Neuroprotective effects of compounds interacting with carrier-mediated amantadine transport across the blood–retinal barrier in rats

• Published in: Journal of pharmacological sciences Vol. 157; no. 4; pp. 212 - 218
• Main Authors: Shinozaki, Yusuke, Akanuma, Shin-ichi, Tega, Yuma, Hosoya, Ken-ichi
• Format: Journal Article
• Language: English
• Published: Japan Elsevier B.V 01.04.2025
• Subjects: Adamantane - analogs & derivatives; Adamantane - pharmacology; Amantadine; Amantadine - administration & dosage; Amantadine - analogs & derivatives; Amantadine - metabolism; Amantadine - pharmacokinetics; Amantadine - pharmacology; Animals; Biological Transport - drug effects; Blood-Retinal Barrier - metabolism; Blood–retinal barrier; Cells, Cultured; Drug delivery; Male; Neurons - drug effects; Neurons - metabolism; Neuroprotection; Neuroprotective Agents - metabolism; Neuroprotective Agents - pharmacology; Rats; Rats, Sprague-Dawley; Retina - metabolism; Retinal disease; Retinal Diseases - drug therapy; Neuroprotection; Amantadine; Drug delivery; Blood–retinal barrier; Retinal disease
• ISSN: 1347-8613; 1347-8648; 1347-8648
• DOI: 10.1016/j.jphs.2025.02.002

Retinal drug delivery via peripheral administration enhances the safety and efficacy of retinal pharmacotherapy.
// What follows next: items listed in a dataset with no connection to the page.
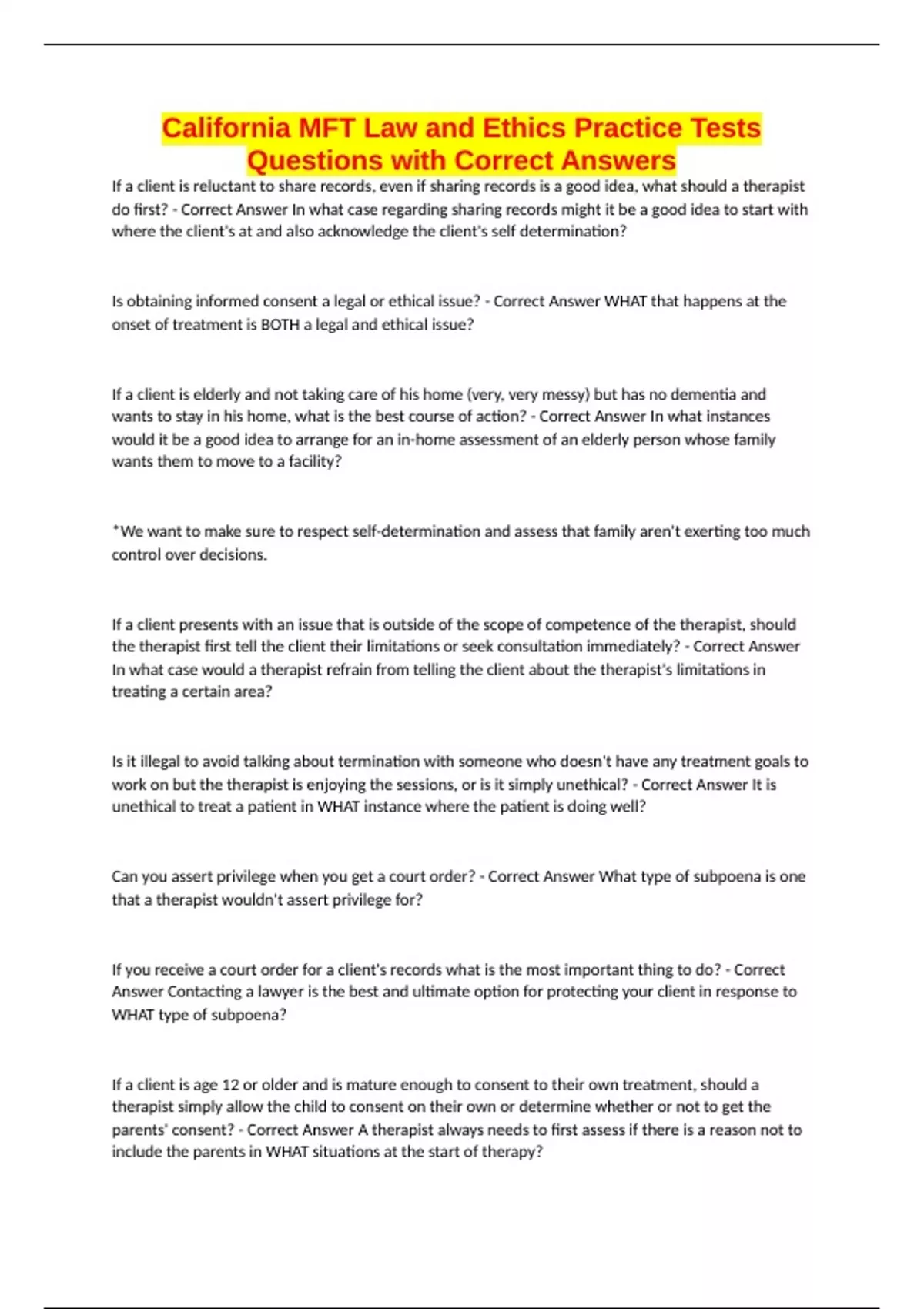 California MFT Law and Ethics Practice Tests Questions with Correct Answers If a client is reluctant to share records, even if sharing records is a good idea, what should a therapist do first? - Correct Answer In what case regarding sharing records might it be a good idea to start with where the client's at and also acknowledge the client's self determination? Is obtaining informed consent a legal or ethical issue? - Correct Answer WHAT that happens at the onset of treatment is BOTH a legal and ethical issue? If a client is elderly and not taking care of his home (very, very messy) but has no dementia and wants to stay in his home, what is the best course of action? - Correct Answer In what instances would it be a good idea to arrange for an in-home assessment of an elderly person whose family wants them to move to a facility? *We want to make sure to respect self-determination and assess that family aren't exerting too much control over decisions. If a client presents with an issue that is outside of the scope of competence of the therapist, should the therapist first tell the client their limitations or seek consultation immediately? - Correct Answer In what case would a therapist refrain from telling the client about the therapist's limitations in treating a certain area? Is it illegal to avoid talking about termination with someone who doesn't have any treatment goals to work on but the therapist is enjoying the sessions, or is it simply unethical? - Correct Answer It is unethical to treat a patient in WHAT instance where the patient is doing well? Can you assert privilege when you get a court order? - Correct Answer What type of subpoena is one that a therapist wouldn't assert privilege for? If you receive a court order for a client's records what is the most important thing to do? - Correct Answer Contacting a lawyer is the best and ultimate option for protecting your client in response to WHAT type of subpoena? If a client is age 12 or older and is mature enough to consent to their own treatment, should a therapist simply allow the child to consent on their own or determine whether or not to get the parents' consent? - Correct Answer A therapist always needs to first assess if there is a reason not to include the parents in WHAT situations at the start of therapy? If a therapist decides no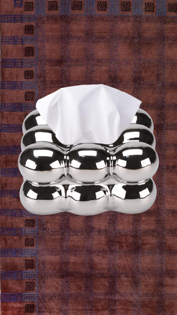 Shiny silver tissue box cover that catches the light just right.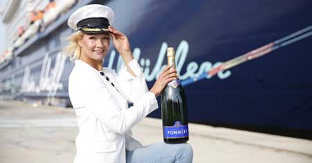 Auf so einem hohen Treppchen stand ich noch nie. Und ich muss sagen: Es war ein unglaublicher Moment, als ich in diesem traumhaften Kleid über dem Schiff schwebte und die Champagnerflasche auch zerbrach , so Franziska van Almsick. Große Freude auch bei TUI Cruises über die Indienststellung des zweiten Neubaus: Unser Konzept kommt an: Wir sind mit der Mein Schiff Flotte nachhaltig im deutschen Markt etabliert, die Auslastung lag in den letzten Jahren bei über 100 Prozent. Und auch die Nachfrage in diesem Jahr verläuft ausgezeichnet bei mittlerweile drei bzw. ab sofort vier Schiffen , sagt Wybcke Meier, CEO von TUI Cruises.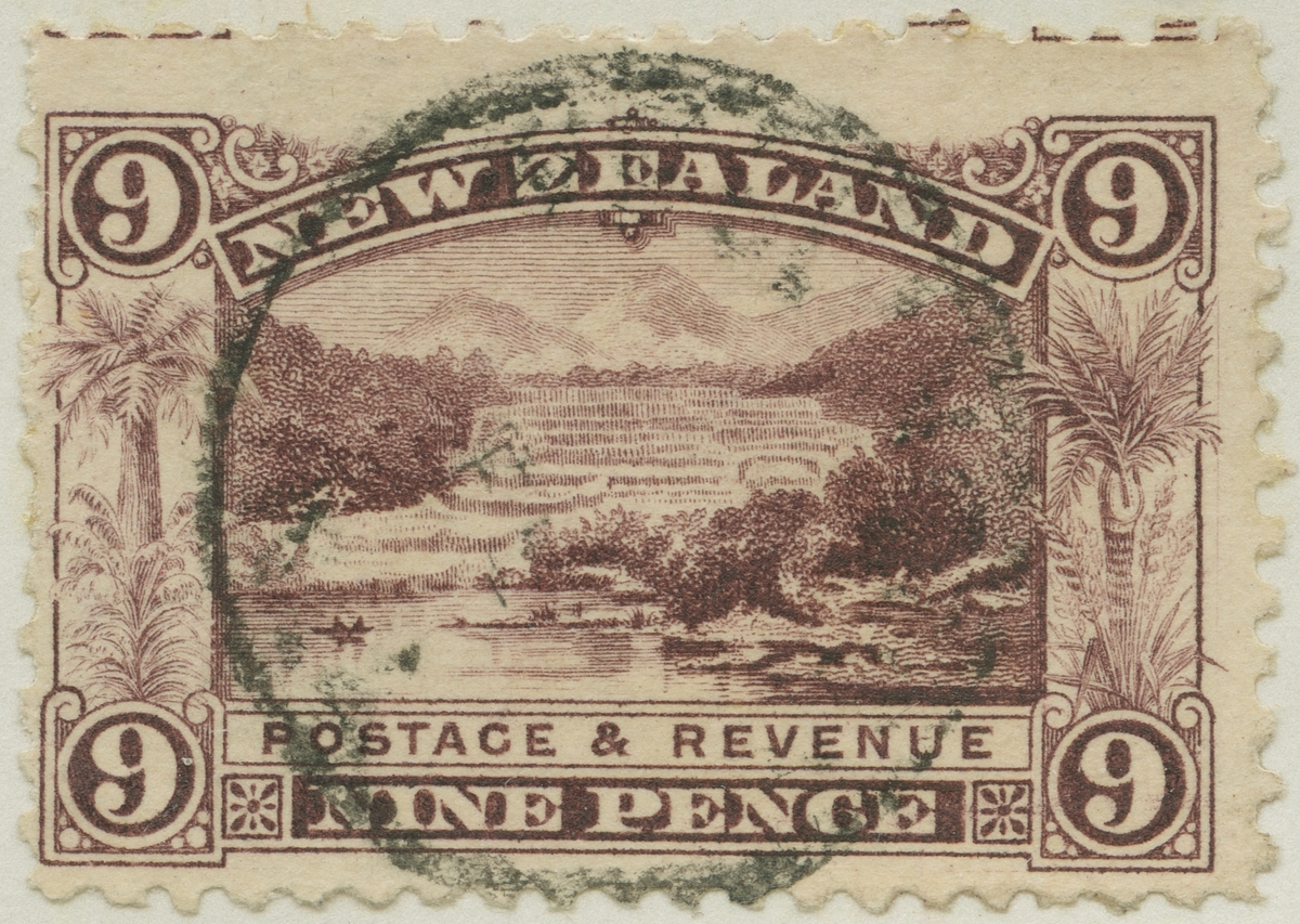 Frimärke ur Gösta Bodmans filatelistiska motivsamling, påbörjad 1950. Frimärke från New Zealand, 1898. Motiv av De skära sinterterrasserna: Rotomahana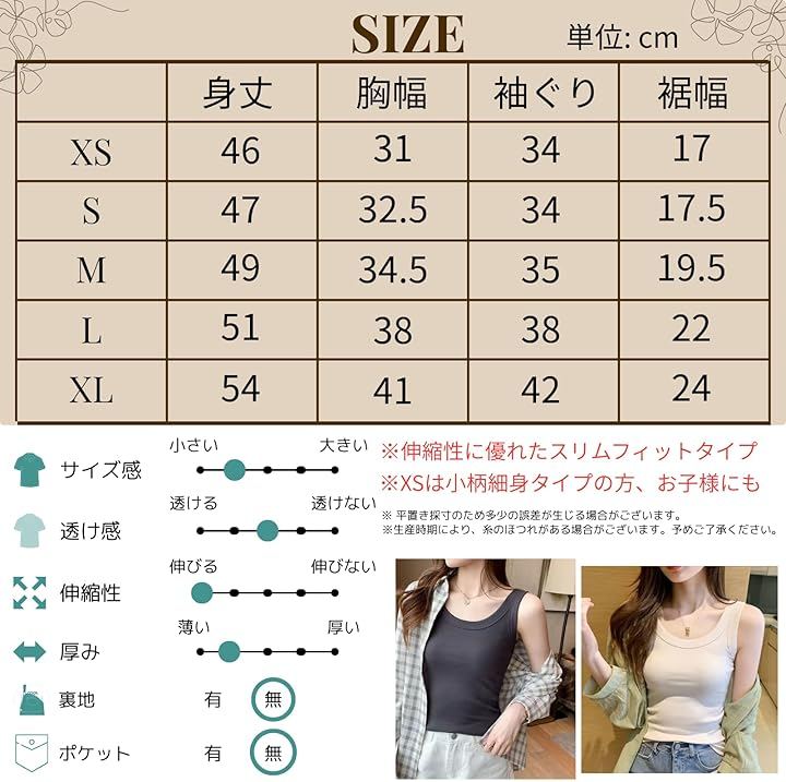 ブラ紐が見えにくいから「タンクトップ レディース」「インナー タンクトップ」として通勤・お出かけ・普段使いに。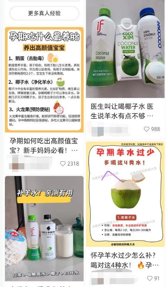 甚至还出现了“喝椰子水可以补羊水”的神奇言论。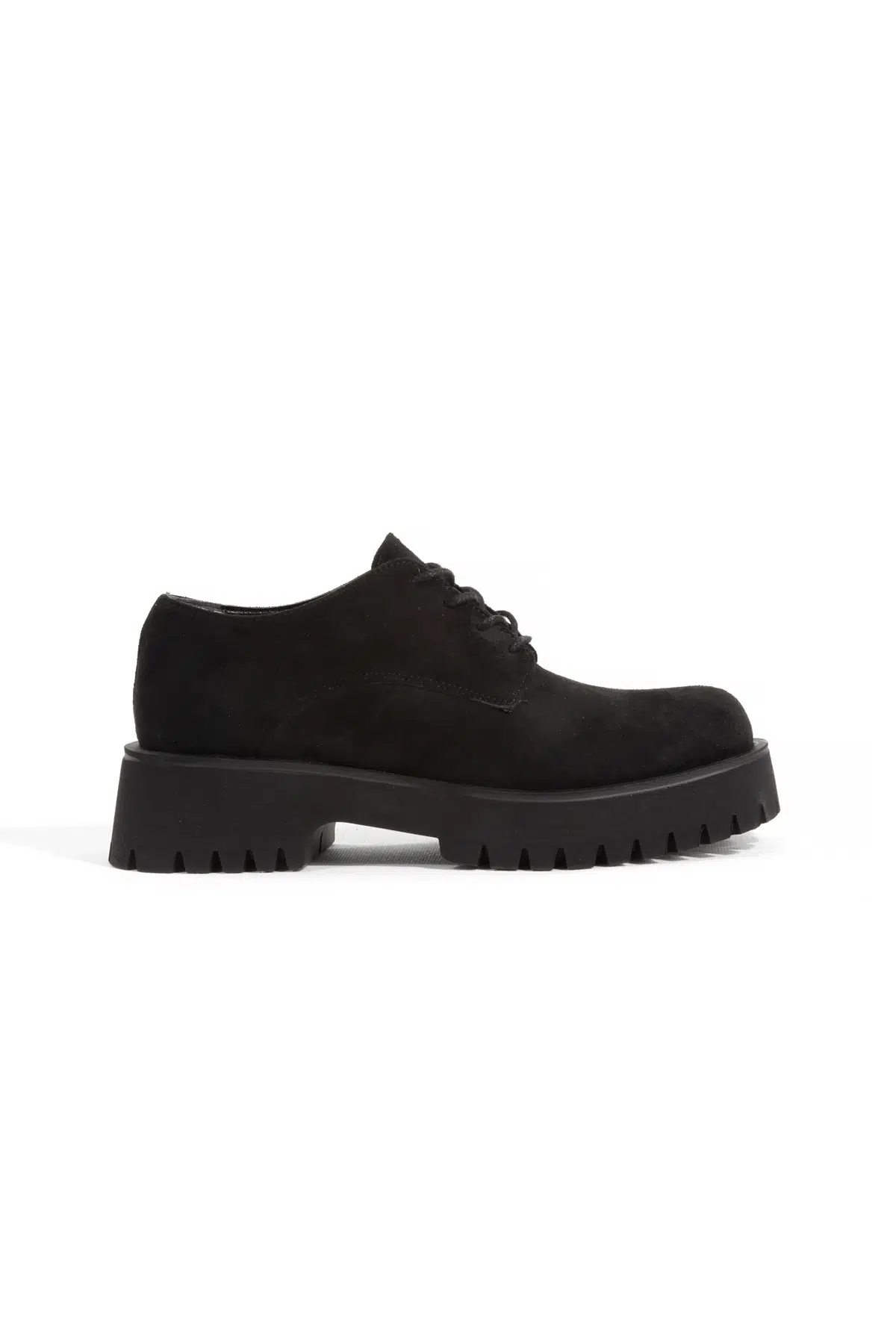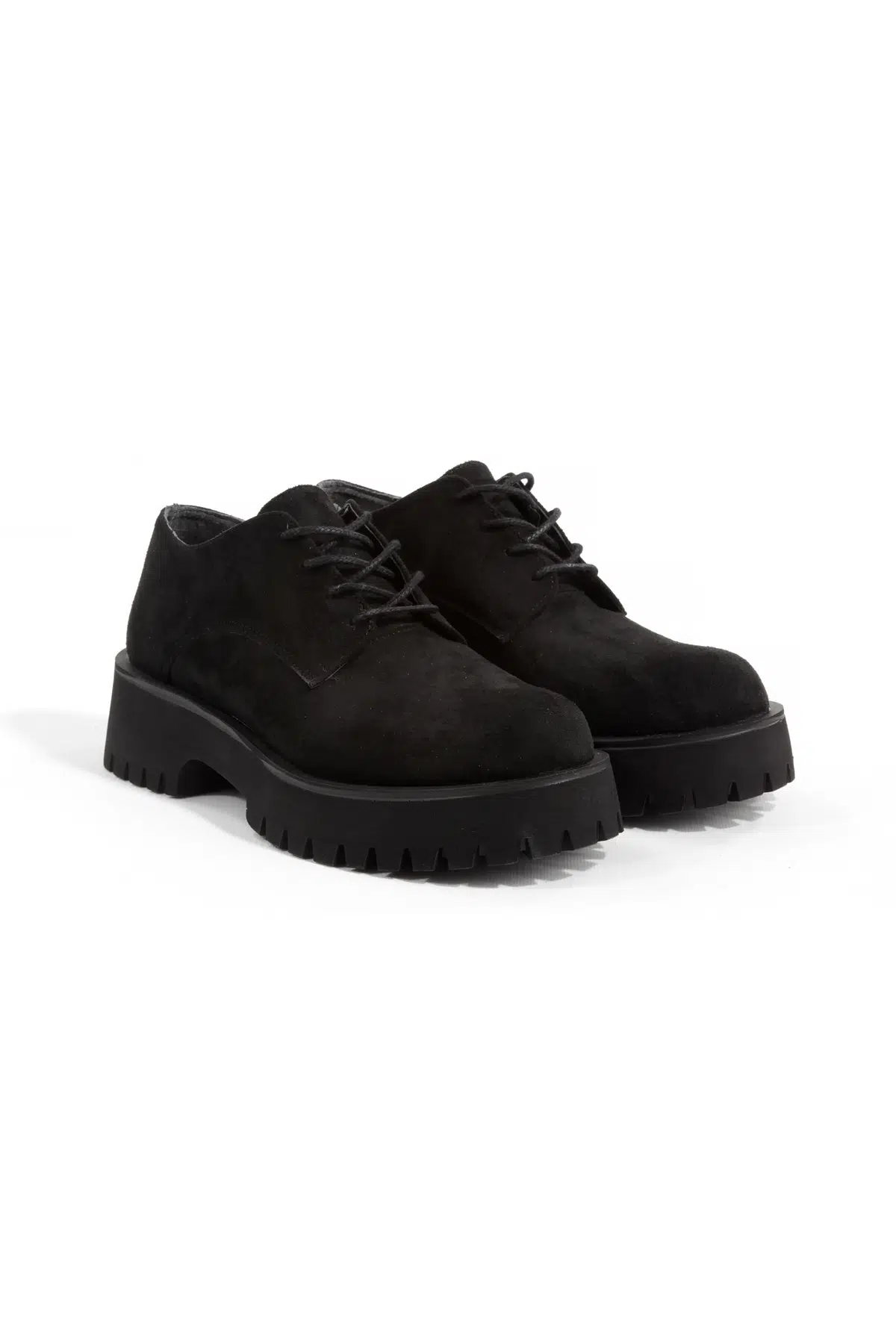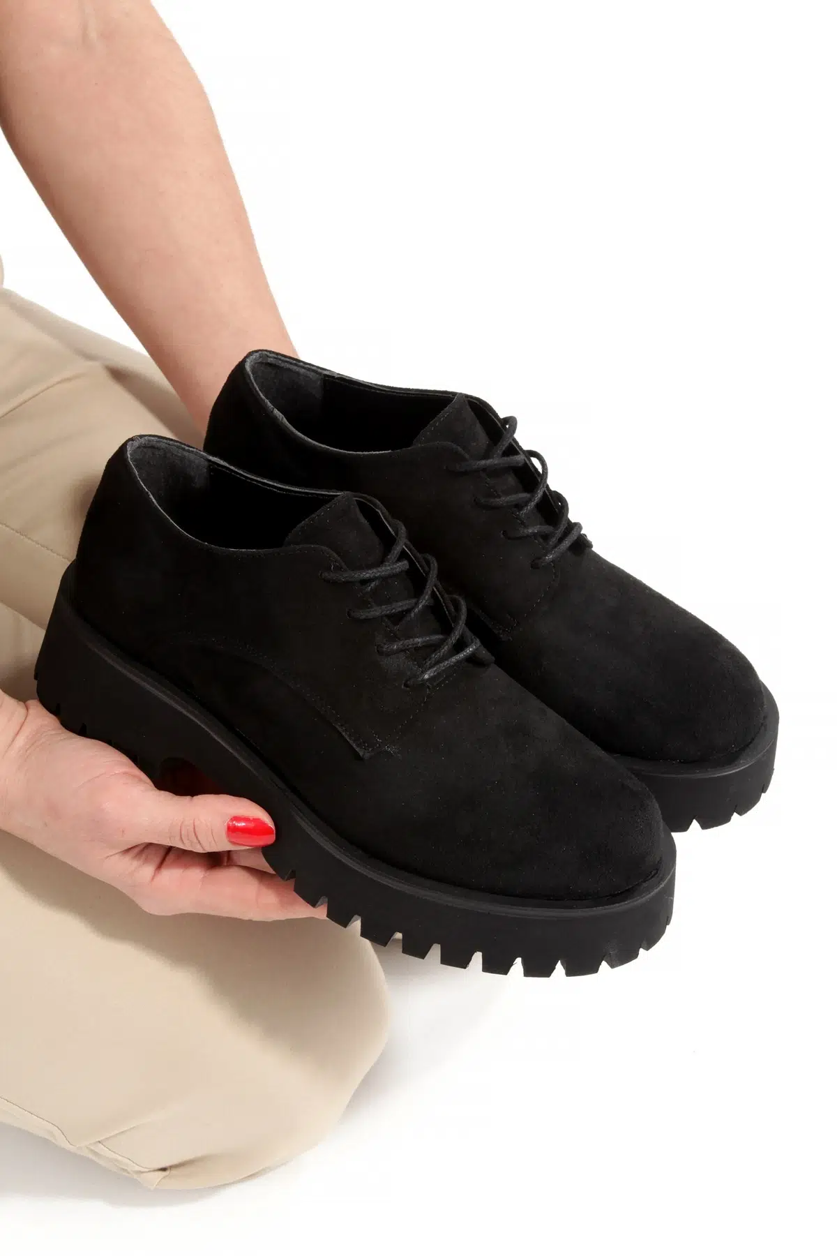 Siyah Süet Bağcıklı Ultra Hafif Oxford Kadın Ayakkabı Loetse

As retinal drug distribution from the circulating blood is limited by the blood–retinal barrier (BRB), BRB-permeable retinal drugs with potent pharmacological effects are needed for peripheral administration. Our previous research indicated carrier-mediated retinal transport of amantadine, which has neuroprotective effects by inhibiting N-methyl-d-aspartate receptors, across the BRB. As several amantadine derivatives are also suggestive to strongly interact with the carrier-mediated amantadine transport at the BRB, these compounds are proposed as candidates for the treatment of retinal diseases after peripheral administration. To find the appropriate retinal drug candidate, neuroprotective effects of compounds interacting with carrier-mediated amantadine transport across the BRB were firstly evaluated using primary-cultured rat cortical neurons. As a result, N'-(1-adamantyl)ethane-1,2-diamine (test compound) exerted the most potent neuroprotective effects. In addition, this test compound indicated neuroprotective effects against retinal damage after intraperitoneal administration in retinal damage rats. Our findings suggest the test compound, which interacts with carrier-mediated amantadine transport across the BRB and protected neurons from excitotoxicity in vitro, is a key agent to develop the pharmacotherapy with peripheral administration of medicines for retinal diseases.